Не унимался королевич:
– Почему же, сестрица, я ни разу не видел короля-батюшки, королевы-матушки и девятерых братьев? Для чего они от меня прячутся?
Качала головой бедняжка Настасья:
– Ох, ты, горе мое! Не они от нас прячутся, а тебя я от них прячу. Они уж думают, что ты умер давно. За двенадцать лет ни разу про дитя не спросили, – здесь нахмурилась девушка, правду брату открыла: – Злая колдунья, прикинувшись нищенкой-побродяжкой, тебя, младенца, перед всеми оговорила. Сказала, что женишься ты на сестре, на мне то есть. Или как-то похоже выразилась – я не помню, маленькая была. И тогда от тебя отказалась родня – убить хотели, на съедение свиньям отдать; выбросить велели тебя за ворота. Но разве я могла так поступить с братом? Сама еще дитя, тебя в своем тереме спрятала. Тайно кормила, тайно купала, тайно наряжала – говорила, что в куклы играю. И вот, тайно вырастила!
Погрустнел после этого разговора мальчик; удрученный ходил по палатам Михайло Петрович, королевский сын. Думу какую-то думал, на окошки косился. Семь дней маялся, на восьмой день сестрице в ножки упал:
– Сестрица любимая, Настасья-королевична! Ты меня от смерти спасла, ты меня выкормила, выходила... Сделай же для меня еще одно дело! Больше ни о чем не попрошу...
Растрогалась сестрица, руками всплеснула:
– Что за беда! Все для тебя сделаю – проси чего хочешь. Ты же братик мой любимый!

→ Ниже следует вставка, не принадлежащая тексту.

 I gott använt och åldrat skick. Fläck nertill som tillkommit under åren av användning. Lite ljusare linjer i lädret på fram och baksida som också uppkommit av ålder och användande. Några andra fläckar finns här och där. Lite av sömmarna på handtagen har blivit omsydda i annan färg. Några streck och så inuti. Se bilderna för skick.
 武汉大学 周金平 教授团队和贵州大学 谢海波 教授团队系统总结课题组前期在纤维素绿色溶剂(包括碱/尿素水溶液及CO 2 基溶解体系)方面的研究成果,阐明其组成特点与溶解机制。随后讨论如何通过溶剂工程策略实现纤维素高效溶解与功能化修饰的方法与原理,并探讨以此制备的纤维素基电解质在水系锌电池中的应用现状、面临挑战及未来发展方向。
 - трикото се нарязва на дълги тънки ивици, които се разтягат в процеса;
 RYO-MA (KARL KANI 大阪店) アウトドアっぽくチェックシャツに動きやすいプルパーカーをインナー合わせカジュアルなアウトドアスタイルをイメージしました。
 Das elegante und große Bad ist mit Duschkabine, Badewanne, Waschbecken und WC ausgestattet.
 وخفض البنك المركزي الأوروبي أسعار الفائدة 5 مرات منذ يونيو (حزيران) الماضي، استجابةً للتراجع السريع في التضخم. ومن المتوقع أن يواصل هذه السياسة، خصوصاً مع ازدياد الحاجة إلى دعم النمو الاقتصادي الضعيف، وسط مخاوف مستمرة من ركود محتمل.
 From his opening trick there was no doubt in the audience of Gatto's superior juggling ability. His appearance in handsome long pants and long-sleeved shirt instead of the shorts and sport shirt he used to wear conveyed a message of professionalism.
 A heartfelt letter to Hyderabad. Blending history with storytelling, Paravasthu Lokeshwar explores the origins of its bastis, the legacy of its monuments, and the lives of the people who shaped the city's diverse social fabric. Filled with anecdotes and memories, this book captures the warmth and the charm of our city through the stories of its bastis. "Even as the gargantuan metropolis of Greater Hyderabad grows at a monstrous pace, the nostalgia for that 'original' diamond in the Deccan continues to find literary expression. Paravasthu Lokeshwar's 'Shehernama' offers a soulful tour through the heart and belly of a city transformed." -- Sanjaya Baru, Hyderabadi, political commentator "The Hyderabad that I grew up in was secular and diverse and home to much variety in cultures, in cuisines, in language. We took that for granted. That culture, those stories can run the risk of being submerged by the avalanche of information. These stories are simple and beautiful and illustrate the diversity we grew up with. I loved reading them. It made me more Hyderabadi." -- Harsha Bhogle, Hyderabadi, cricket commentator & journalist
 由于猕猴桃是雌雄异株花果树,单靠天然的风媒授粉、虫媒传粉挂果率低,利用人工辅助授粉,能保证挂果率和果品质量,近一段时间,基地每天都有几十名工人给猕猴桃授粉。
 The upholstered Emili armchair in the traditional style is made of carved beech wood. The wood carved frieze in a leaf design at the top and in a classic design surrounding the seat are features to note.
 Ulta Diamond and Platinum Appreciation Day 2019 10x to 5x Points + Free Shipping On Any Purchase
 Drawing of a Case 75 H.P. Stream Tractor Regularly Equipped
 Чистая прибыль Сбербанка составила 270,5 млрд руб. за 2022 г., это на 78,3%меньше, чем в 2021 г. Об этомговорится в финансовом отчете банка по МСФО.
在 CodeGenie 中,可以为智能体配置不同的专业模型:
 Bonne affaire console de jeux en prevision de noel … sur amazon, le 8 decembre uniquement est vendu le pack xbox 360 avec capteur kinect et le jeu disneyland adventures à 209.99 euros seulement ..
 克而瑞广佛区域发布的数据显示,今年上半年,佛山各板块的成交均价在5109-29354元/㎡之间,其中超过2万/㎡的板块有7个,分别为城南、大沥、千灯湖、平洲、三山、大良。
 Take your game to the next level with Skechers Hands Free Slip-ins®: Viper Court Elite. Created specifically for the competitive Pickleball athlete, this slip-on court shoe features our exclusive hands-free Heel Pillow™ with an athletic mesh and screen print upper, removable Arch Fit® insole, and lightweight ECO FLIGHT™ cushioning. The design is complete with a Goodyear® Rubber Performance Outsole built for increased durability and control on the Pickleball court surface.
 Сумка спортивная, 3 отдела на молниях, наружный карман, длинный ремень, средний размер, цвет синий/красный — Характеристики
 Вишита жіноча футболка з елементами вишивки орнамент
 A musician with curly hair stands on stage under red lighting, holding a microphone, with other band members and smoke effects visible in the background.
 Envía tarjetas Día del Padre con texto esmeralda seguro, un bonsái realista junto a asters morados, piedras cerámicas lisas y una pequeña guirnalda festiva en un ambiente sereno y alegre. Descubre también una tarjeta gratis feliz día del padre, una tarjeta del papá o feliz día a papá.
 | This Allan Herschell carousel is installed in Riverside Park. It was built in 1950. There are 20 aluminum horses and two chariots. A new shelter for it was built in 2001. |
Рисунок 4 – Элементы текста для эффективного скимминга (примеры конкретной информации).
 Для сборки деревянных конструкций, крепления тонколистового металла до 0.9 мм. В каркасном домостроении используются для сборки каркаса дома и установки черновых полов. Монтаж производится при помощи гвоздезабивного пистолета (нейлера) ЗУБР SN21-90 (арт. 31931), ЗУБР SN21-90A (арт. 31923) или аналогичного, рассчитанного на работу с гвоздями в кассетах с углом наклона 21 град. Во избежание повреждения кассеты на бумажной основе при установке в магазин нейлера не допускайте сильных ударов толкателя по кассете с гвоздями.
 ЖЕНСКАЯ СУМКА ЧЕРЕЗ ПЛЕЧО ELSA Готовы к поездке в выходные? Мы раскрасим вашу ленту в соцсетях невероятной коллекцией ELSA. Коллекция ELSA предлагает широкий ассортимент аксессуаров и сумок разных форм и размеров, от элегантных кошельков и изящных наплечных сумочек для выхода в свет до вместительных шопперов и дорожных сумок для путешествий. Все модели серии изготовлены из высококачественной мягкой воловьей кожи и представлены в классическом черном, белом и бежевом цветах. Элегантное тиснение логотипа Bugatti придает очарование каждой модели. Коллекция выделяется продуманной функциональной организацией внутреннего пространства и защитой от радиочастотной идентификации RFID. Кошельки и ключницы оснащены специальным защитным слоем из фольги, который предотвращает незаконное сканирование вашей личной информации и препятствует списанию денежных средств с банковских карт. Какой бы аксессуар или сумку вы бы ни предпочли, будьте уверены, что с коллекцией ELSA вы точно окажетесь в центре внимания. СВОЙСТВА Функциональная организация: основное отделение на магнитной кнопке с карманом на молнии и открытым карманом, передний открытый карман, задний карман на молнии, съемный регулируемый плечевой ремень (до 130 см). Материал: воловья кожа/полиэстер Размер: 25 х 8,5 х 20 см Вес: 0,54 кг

Разгорелись глаза у Михайлушки:
– Сходи к батюшке, сестрица, к могущественному королю, попроси у него доброго коня, а также сабельку острую попроси и копье богатырское, и черкасское седло, и доспехи крепкие – все как для богатыря, о котором ты мне книжку читала. Хочу я поехать со двора, мир посмотреть – тот, что изредка добрым бывает и часто жестоким.
Призадумалась Настасья. Боялась, догадается король, для кого она коня и доспехи просит. А потом так помыслила: все равно ведь когда-то прознают родичи, что взрастила она своего младшего брата.
И пошла Настасья к королю Петру и просила у него все, что Михайлушко ей назвал.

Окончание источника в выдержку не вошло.